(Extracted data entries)

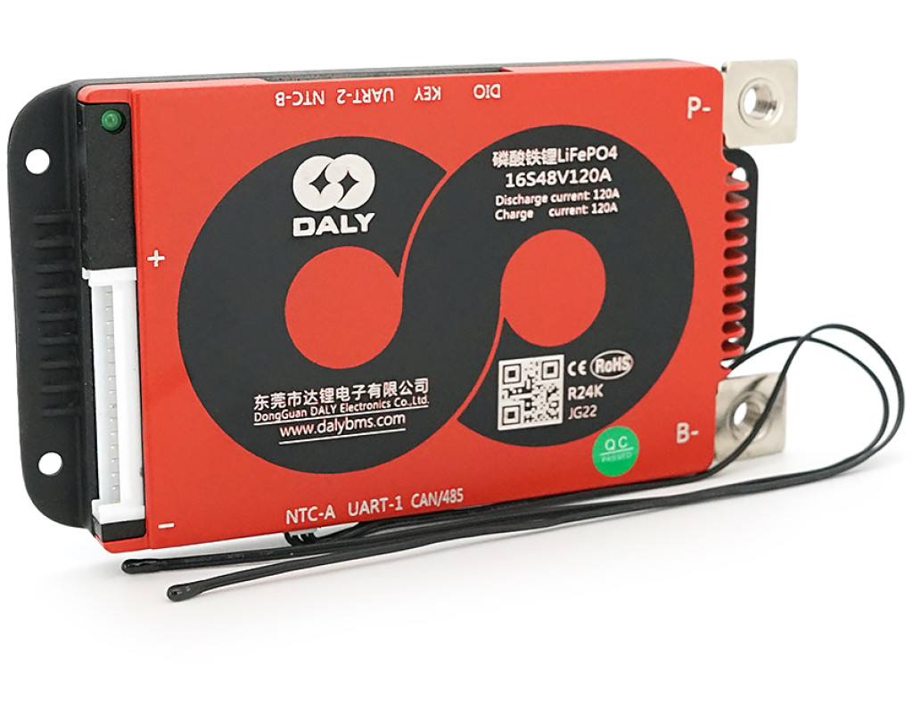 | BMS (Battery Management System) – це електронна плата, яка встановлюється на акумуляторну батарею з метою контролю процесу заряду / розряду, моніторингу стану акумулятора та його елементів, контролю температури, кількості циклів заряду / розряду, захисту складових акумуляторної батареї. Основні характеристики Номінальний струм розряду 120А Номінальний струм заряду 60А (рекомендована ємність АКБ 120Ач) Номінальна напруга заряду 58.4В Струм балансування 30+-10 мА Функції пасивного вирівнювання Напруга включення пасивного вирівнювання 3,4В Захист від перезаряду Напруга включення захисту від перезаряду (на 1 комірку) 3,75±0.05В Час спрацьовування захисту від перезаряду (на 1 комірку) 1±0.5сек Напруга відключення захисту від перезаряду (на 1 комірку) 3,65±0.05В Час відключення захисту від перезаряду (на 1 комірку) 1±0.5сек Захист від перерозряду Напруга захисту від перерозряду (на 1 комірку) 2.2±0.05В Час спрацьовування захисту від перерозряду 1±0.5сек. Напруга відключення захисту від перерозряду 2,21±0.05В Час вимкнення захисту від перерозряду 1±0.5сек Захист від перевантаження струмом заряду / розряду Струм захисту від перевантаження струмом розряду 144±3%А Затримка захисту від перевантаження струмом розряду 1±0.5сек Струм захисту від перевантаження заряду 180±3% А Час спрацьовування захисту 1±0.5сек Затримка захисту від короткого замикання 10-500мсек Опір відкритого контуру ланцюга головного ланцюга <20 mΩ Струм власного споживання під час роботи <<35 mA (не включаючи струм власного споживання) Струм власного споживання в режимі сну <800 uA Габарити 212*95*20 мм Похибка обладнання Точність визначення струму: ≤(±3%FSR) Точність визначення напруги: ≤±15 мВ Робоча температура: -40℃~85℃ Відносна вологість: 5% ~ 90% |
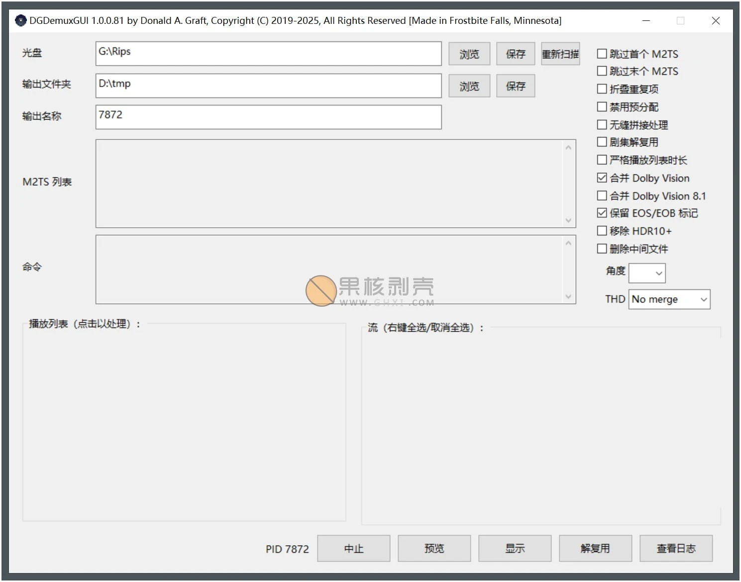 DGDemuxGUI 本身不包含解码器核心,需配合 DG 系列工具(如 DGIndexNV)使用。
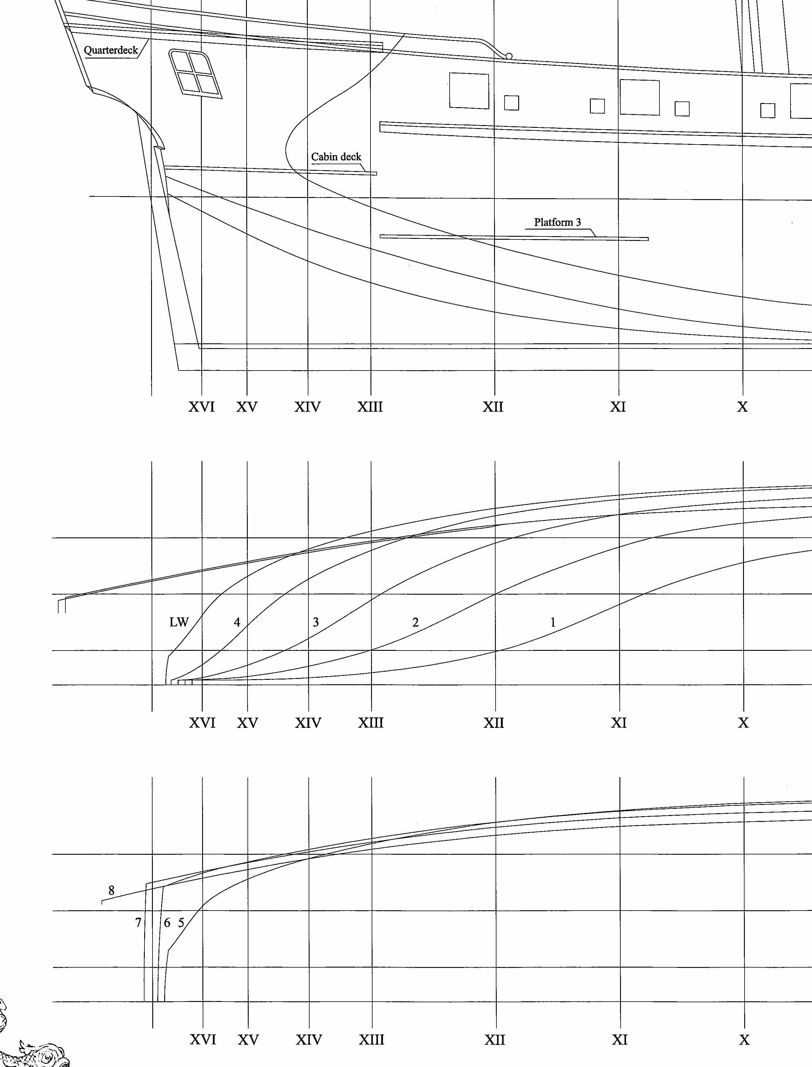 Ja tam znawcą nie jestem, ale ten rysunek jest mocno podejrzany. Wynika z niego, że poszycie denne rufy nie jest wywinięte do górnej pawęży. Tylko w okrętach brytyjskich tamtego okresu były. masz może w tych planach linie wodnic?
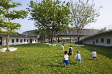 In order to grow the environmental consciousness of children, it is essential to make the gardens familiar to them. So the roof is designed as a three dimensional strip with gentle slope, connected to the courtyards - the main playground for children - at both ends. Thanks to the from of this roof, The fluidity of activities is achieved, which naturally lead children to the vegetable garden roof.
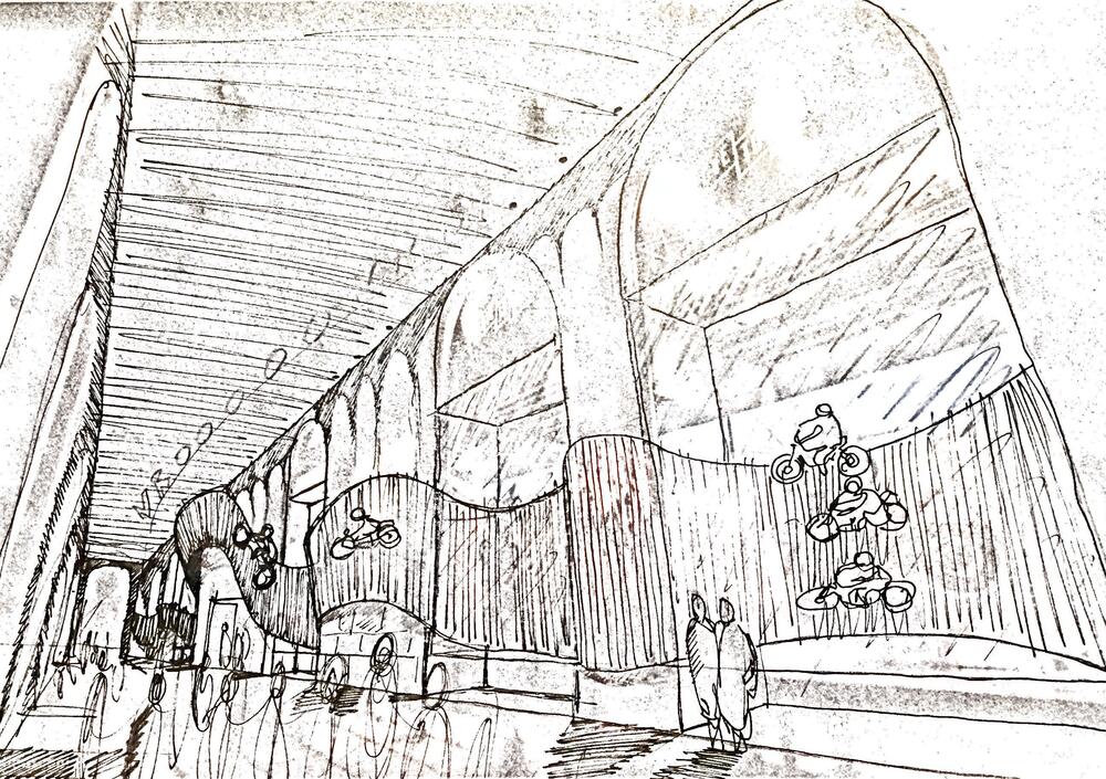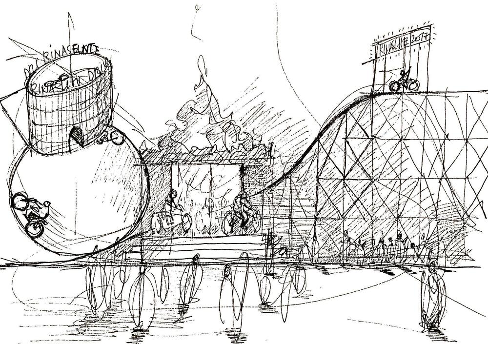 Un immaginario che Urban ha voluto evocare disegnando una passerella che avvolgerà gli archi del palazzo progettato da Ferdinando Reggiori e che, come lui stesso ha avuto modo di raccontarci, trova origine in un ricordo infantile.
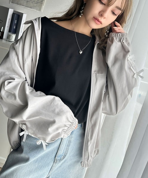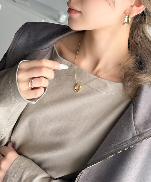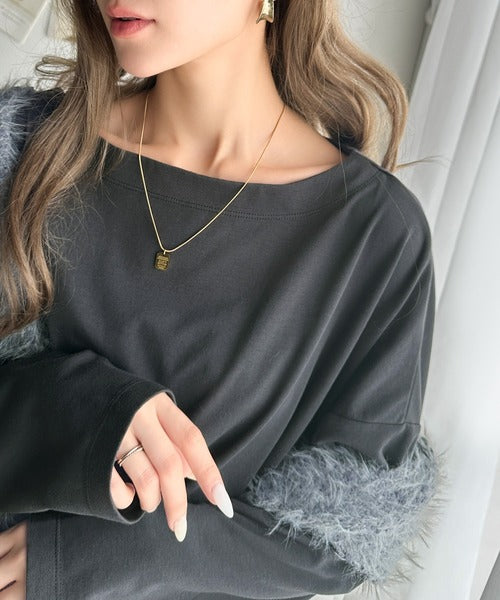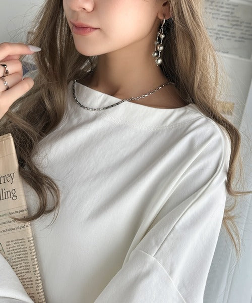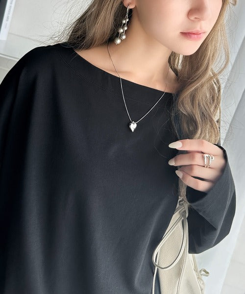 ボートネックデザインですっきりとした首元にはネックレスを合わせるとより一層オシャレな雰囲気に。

EXERCISE:
Copy exactly the lines from the one containing "DGDemuxGUI 本身不包含解码器核心,需配合 DG" through the final line of the records above, both included, and leave out any pictures.

ANSWER SPACE:
 DGDemuxGUI 本身不包含解码器核心,需配合 DG 系列工具(如 DGIndexNV)使用。
 Ja tam znawcą nie jestem, ale ten rysunek jest mocno podejrzany. Wynika z niego, że poszycie denne rufy nie jest wywinięte do górnej pawęży. Tylko w okrętach brytyjskich tamtego okresu były. masz może w tych planach linie wodnic?
 In order to grow the environmental consciousness of children, it is essential to make the gardens familiar to them. So the roof is designed as a three dimensional strip with gentle slope, connected to the courtyards - the main playground for children - at both ends. Thanks to the from of this roof, The fluidity of activities is achieved, which naturally lead children to the vegetable garden roof.
 Un immaginario che Urban ha voluto evocare disegnando una passerella che avvolgerà gli archi del palazzo progettato da Ferdinando Reggiori e che, come lui stesso ha avuto modo di raccontarci, trova origine in un ricordo infantile.
 ボートネックデザインですっきりとした首元にはネックレスを合わせるとより一層オシャレな雰囲気に。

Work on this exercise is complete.